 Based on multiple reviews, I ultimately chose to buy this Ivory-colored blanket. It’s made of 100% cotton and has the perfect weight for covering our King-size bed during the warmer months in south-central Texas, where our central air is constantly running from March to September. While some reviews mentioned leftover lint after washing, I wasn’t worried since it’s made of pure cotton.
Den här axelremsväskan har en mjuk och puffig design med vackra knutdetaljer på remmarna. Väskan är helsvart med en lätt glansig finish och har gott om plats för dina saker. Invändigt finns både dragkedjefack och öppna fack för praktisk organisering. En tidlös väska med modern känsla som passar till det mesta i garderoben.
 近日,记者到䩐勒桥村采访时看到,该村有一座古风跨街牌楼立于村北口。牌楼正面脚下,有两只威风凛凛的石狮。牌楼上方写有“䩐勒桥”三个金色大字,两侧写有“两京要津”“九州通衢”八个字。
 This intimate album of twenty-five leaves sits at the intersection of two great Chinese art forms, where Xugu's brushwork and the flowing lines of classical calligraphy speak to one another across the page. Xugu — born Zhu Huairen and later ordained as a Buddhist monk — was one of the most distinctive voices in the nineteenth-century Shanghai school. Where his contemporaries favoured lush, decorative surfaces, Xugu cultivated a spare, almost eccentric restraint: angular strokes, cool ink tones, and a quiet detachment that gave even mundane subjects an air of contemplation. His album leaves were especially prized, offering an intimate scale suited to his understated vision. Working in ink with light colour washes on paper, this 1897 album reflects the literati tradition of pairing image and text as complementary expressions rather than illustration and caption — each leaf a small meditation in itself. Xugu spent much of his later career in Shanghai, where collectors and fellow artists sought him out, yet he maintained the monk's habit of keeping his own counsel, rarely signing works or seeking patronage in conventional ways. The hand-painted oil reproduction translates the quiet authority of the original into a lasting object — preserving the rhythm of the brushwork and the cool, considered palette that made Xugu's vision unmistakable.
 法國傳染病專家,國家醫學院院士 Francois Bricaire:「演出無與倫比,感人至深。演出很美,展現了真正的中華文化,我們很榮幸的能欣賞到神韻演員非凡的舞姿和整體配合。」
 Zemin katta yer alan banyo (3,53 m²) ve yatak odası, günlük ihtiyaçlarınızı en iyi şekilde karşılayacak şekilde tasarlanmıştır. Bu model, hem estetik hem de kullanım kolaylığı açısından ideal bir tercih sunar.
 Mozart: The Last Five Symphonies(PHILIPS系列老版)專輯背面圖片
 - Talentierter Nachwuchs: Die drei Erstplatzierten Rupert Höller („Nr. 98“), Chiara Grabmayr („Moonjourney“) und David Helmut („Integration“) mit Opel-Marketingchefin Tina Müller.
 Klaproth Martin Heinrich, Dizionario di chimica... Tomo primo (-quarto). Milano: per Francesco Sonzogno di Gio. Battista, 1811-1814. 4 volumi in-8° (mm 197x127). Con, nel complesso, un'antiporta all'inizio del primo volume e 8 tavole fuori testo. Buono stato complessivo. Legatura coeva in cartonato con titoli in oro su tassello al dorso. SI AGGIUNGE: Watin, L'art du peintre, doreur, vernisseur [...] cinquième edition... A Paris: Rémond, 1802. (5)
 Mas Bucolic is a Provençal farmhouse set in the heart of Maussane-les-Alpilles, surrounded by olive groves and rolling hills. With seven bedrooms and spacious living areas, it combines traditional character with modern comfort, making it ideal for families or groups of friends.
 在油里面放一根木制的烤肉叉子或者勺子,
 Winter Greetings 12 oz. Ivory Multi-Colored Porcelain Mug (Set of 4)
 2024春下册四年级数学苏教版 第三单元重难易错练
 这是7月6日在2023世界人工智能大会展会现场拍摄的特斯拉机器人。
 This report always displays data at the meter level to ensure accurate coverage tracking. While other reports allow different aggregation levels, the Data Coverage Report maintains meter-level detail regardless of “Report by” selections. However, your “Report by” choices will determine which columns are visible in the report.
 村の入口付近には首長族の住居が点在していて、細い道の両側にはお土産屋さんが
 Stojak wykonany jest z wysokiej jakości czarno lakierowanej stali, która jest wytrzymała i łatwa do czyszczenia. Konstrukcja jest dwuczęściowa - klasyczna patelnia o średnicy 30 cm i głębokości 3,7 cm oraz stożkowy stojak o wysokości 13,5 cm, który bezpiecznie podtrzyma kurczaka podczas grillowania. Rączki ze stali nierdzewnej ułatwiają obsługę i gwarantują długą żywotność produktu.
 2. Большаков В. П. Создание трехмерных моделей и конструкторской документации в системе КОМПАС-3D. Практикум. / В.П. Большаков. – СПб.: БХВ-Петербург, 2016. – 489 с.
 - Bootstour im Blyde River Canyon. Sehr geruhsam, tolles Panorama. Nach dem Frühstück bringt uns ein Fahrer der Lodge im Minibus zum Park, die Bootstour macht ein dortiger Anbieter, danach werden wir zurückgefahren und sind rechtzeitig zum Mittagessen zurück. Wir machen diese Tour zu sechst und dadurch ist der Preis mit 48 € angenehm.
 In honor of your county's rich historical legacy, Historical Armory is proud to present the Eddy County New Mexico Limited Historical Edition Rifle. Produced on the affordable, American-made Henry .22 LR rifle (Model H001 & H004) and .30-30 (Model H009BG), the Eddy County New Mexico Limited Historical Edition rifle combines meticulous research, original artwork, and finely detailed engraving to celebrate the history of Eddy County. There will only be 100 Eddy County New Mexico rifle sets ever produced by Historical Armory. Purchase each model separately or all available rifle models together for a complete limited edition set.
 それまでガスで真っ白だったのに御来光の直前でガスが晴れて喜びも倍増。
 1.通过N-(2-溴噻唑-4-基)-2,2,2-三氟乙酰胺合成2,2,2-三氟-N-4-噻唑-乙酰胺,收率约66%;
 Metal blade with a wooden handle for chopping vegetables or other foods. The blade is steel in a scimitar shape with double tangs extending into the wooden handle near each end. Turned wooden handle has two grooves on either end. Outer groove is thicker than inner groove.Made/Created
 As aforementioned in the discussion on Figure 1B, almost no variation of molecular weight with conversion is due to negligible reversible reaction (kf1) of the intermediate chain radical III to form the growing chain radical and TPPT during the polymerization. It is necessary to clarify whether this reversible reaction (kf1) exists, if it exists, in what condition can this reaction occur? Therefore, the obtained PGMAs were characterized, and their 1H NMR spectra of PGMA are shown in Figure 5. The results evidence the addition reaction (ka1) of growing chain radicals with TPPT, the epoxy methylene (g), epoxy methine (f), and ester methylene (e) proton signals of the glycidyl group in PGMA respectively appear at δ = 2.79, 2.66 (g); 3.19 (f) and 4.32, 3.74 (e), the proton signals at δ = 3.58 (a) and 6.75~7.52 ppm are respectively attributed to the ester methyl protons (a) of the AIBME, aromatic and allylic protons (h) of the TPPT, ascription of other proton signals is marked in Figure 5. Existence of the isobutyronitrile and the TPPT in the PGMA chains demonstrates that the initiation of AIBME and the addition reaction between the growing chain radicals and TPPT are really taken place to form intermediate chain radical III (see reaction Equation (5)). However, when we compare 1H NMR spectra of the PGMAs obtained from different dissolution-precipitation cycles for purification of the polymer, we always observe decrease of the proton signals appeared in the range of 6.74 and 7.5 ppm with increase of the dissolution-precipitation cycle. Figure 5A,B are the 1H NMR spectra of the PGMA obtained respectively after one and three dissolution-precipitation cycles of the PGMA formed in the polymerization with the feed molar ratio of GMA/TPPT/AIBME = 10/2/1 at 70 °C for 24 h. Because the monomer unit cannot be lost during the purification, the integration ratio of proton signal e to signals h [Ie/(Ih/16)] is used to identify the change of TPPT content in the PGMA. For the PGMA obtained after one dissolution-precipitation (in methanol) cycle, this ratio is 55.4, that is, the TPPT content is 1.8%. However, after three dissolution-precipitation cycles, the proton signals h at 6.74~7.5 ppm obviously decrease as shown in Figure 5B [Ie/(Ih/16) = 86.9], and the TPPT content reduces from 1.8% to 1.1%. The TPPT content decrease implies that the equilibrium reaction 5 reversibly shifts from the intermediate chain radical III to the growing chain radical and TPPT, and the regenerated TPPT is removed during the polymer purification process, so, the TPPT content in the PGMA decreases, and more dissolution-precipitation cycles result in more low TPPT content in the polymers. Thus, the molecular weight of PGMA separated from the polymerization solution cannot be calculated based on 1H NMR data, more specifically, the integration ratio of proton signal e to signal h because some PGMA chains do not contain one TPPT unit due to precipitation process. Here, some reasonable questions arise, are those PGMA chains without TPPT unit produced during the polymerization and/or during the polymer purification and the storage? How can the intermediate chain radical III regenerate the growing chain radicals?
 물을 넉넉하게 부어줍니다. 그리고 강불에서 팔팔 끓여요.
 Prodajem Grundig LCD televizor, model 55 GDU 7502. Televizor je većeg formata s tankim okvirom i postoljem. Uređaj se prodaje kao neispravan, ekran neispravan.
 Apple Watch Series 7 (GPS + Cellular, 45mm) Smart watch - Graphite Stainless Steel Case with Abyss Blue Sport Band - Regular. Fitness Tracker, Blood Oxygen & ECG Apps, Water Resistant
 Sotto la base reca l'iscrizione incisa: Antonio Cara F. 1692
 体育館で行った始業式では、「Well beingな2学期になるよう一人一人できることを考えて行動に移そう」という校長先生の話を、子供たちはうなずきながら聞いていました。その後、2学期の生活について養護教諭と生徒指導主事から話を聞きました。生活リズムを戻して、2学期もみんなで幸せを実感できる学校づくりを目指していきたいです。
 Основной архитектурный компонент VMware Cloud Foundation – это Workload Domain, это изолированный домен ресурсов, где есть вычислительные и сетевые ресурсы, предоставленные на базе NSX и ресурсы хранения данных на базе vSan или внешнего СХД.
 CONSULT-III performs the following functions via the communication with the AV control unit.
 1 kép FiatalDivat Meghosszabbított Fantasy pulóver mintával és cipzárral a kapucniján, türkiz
____
Taking the lines above, repeat exactly those from the line that contains "1.通过N-(2-溴噻唑-4" through the line that contains "Metal blade with", and both of those lines as well. Include nothing else.

**RESULT OF THE EXERCISE**
 1.通过N-(2-溴噻唑-4-基)-2,2,2-三氟乙酰胺合成2,2,2-三氟-N-4-噻唑-乙酰胺,收率约66%;
 Metal blade with a wooden handle for chopping vegetables or other foods. The blade is steel in a scimitar shape with double tangs extending into the wooden handle near each end. Turned wooden handle has two grooves on either end. Outer groove is thicker than inner groove.Made/Created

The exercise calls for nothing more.